= Qlippoth =

Impure spiritual forces in Kabbalah

In the Zohar, Lurianic Kabbalah, and Hermetic Qabalah, the qlippoth (קְלִיפּוֹת, "peels", "shells", or "husks", קְלִפָּה qəlippā; originally, קְלִיפִּין) are the representation of evil or impure spiritual forces in Jewish mysticism, the opposites of the sefirot. The realm of evil is called Sitra Achra (סִטְרָא אַחְרָא) in Kabbalistic texts.

== In the Zohar ==

The qlippoth are first mentioned in the Zohar, where they are described as being created by God to function as a 'nutshell' for holiness. The text subsequently relays an esoteric interpretation of the text of Genesis creation narrative in Genesis 1:14, which describes God creating the moon and sun to act as "luminaries" in the sky. The verse "Let there be luminaries (מְאֹרֹת məʾoroṯ)," uses a defective spelling of the Hebrew plural form for "luminous body, light source" (מְאוֹרוֹת), resulting in a written form identical to the Hebrew word for "curses." In the context of the Zohar, interpreting the verse as calling the moon and sun "curses" is given mystic significance, personified by a description of the moon descending into the realm of Beri'ah, where it began to belittle itself and dim its light, both physically and spiritually. The resulting darkness gave birth to the qlippoth. Reflecting this, they are thenceforth generally synonymous with "darkness" itself.

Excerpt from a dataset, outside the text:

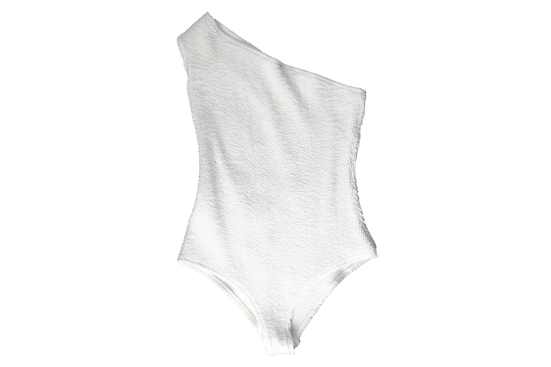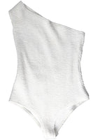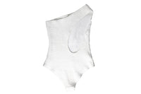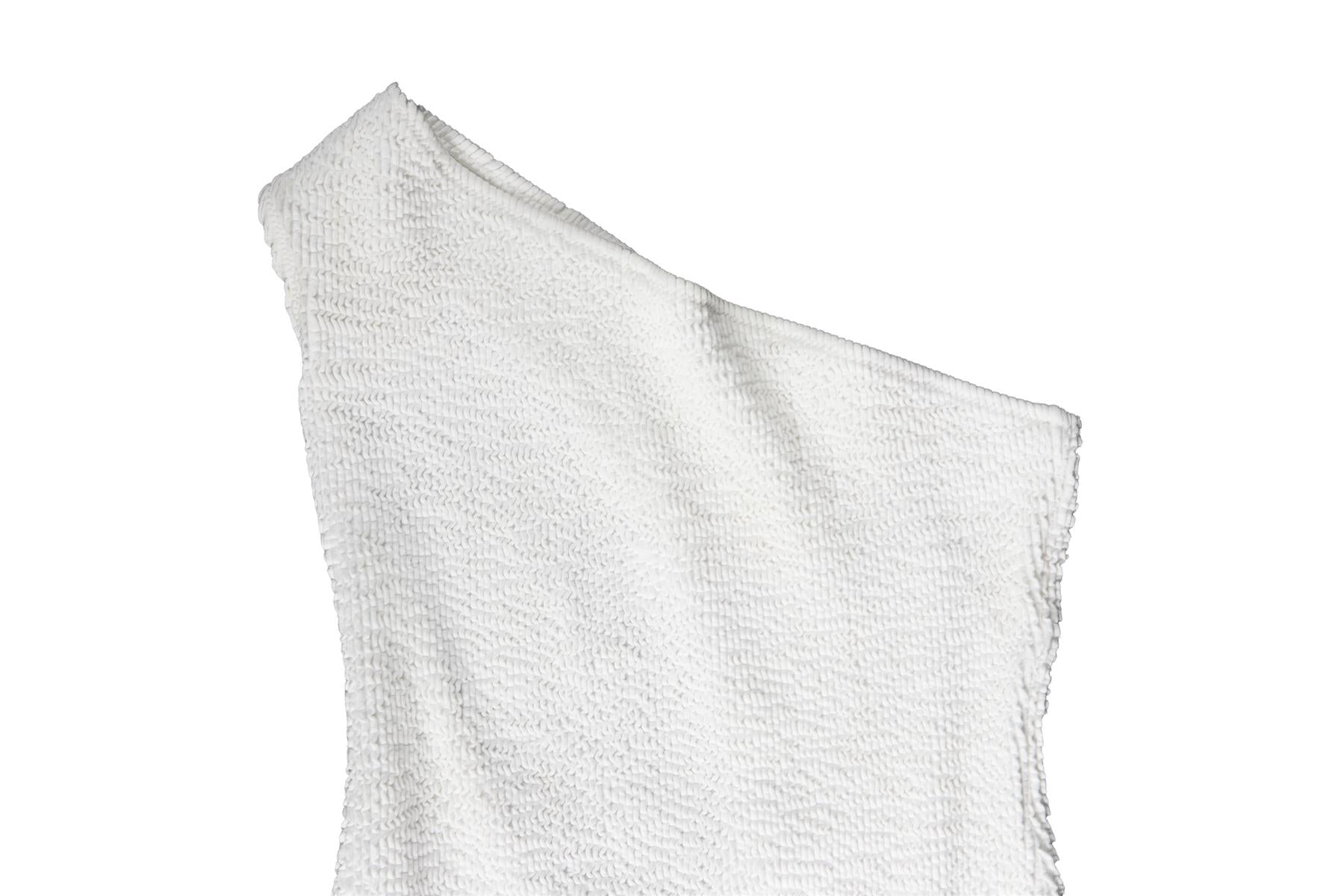 Bottega Veneta White Swimsuit. White. Sleeveless. Asymmetric. Pull on. 97% Polyamide, 3% Elastane. IT 42 (UK 10, US 6, FR 38). Bust: 24 in. Waist: 23 in. Hips: 28 in. Length: 21 in.

Later, the Zohar gives specific names to some of the qlippoth, relaying them as counterparts to certain sefirot: Mashhith (מַשְׁחִית) to Chesed; Af (אַף) to Gevurah; and Hema (חֵמָה) to Tiferet. It also names Avon (עָוֹן), Tohu (תֹהוּ), Bohu (בֹהוּ), Esh (אֵשׁ), and Tehom (תְּהוֹם), but does not relate them to any corresponding sefirot. Although the Zohar clarifies that each sefira and qelippa has a one-to-one match, even with equivalent partzufim, it does not give all their names.

==In Hermetic Qabalah==

=== Mathers' interpretation ===

Christian Knorr von Rosenroth's Latin Kabbala denudata (1684) (translated The Kabbalah Unveiled by Samuel Liddell MacGregor Mathers) equates these forces with the Kings of Edom and also offers the suggestion they are the result of an imbalance towards Gedulah, the Pillar of Mercy or the merciful aspect of God, and have since been destroyed. In subsequent Hermetic teachings, the qlippoth have tended, much like the sefiroth, to be interpreted as mystical worlds or entities, and merged with ideas derived from demonology.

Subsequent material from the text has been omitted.